(Exercise inputs begins)

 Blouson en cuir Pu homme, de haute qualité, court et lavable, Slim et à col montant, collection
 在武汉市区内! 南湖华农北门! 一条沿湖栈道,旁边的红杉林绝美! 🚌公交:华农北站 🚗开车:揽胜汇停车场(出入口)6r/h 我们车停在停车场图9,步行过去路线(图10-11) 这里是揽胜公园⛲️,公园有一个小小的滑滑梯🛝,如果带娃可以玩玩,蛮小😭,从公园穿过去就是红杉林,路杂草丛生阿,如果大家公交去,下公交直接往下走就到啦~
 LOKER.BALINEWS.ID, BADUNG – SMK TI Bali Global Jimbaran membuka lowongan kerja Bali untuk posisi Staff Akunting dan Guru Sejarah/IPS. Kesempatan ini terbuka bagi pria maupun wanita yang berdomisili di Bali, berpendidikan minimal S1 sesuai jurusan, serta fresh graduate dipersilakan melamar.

(Exercise inputs ends)
(Exercise inputs begins)

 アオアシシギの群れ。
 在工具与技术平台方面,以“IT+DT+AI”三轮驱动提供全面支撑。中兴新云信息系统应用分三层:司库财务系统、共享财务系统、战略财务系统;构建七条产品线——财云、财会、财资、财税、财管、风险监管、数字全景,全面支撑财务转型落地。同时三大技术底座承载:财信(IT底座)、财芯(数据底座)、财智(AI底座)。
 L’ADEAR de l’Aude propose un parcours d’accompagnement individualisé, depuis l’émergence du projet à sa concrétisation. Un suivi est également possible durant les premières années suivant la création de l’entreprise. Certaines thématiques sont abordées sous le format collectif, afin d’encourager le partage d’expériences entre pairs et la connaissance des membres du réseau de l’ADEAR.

(Exercise inputs ends)

» Try it: Look above for the line with "Blouson en cuir"; retype exactly that line, every line after it up to the line with "LOKER.BALINEWS.ID, BADUNG –", and that line too, nothing else.

» Your solution:
 Blouson en cuir Pu homme, de haute qualité, court et lavable, Slim et à col montant, collection
 在武汉市区内! 南湖华农北门! 一条沿湖栈道,旁边的红杉林绝美! 🚌公交:华农北站 🚗开车:揽胜汇停车场(出入口)6r/h 我们车停在停车场图9,步行过去路线(图10-11) 这里是揽胜公园⛲️,公园有一个小小的滑滑梯🛝,如果带娃可以玩玩,蛮小😭,从公园穿过去就是红杉林,路杂草丛生阿,如果大家公交去,下公交直接往下走就到啦~
 LOKER.BALINEWS.ID, BADUNG – SMK TI Bali Global Jimbaran membuka lowongan kerja Bali untuk posisi Staff Akunting dan Guru Sejarah/IPS. Kesempatan ini terbuka bagi pria maupun wanita yang berdomisili di Bali, berpendidikan minimal S1 sesuai jurusan, serta fresh graduate dipersilakan melamar.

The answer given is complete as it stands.